Vantage point




Thursday, July 26, 2007

Jackson Heights and Edison

I was told Jackson Heights in Queens was the Indians' version of Chinatown. Could not agree more. And nothing says "Indian" more than hilarious signs at shop entrances. You will appreciate me saying this, especially since I am from Pune, a city that has made shop sign composition an art form. Naturally I was tickled all sorts of pink when I saw this -



No foods (sic)... OK. No drinks... fine. But what could have possibly possessed the shopkeeper to write "no kulfi". It is likely that the sign just forbade food and drinks, but a lot of people(named either Narsimha or Dick Cheney) would walk in with kulfi and when stopped, argue that a kulfi is neither a food nor a drink. So our meticulous shopkeeper has now removed all ambiguity.

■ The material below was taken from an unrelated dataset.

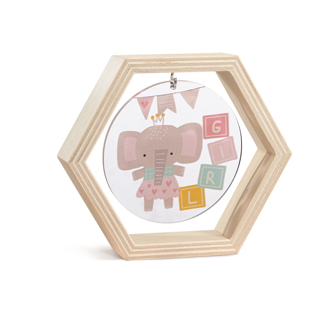 Ξύλινο διακοσμητικό σε σχήμα πολύγωνο.Το καδράκι είναι διακοσμημένο με στρογγυλή print plexiglass παράσταση σε διάφανο χρώμα.Η παράσταση απεικονίζει την ελεφαντίνα σε ροζ αποχρώσεις .

The other desitown I visited was Edison in New Jersey. Actually it is not so much desitown as it is gujjutown. The gujju experience started right in the NJ Transit train, with the two people seated opposite me talking in Gujarati and munching on gathiya. Edison itself really is Gujju beyond belief. A lot of the shop signs are in Gujarti, and we even saw several posters for a play called "Ba E Maari Boundary".

The visit to Edison (and even Jackson Heights) was not for pleasure but for engagement shopping. Every shop that we went to, my fiancee, who would usually have to be tortured to admit her Gujju origins, would start off in the language in the hope for discounts. And it worked too. What was annoying and amusing for me was that subsequently the shopkeepers would start talking to me in Gujarati too. In one shop I finally told them I was not Gujarati. The shopkeeper says,

"You are not Gujarati?"

"No"

"And she is?"

"Yes"

"What are you then?"

"Marathi"

"And you are getting engaged?"

"Yes"

"Hmmm".... he said with a barely concealed expression of disapproval and disappointment. I debated whether I should ask him if he would support a decree against aapro dikris marrying non-Gujaratis. But I reckoned the joke would fly right over his head.

After spending a couple of hours in Edison shops... each and every one seemed to be run by a Gujarati... my fiancee and I finally decided to get over the experience by walking into a distinctly Pakistani restaurant and having nothing but cow meat.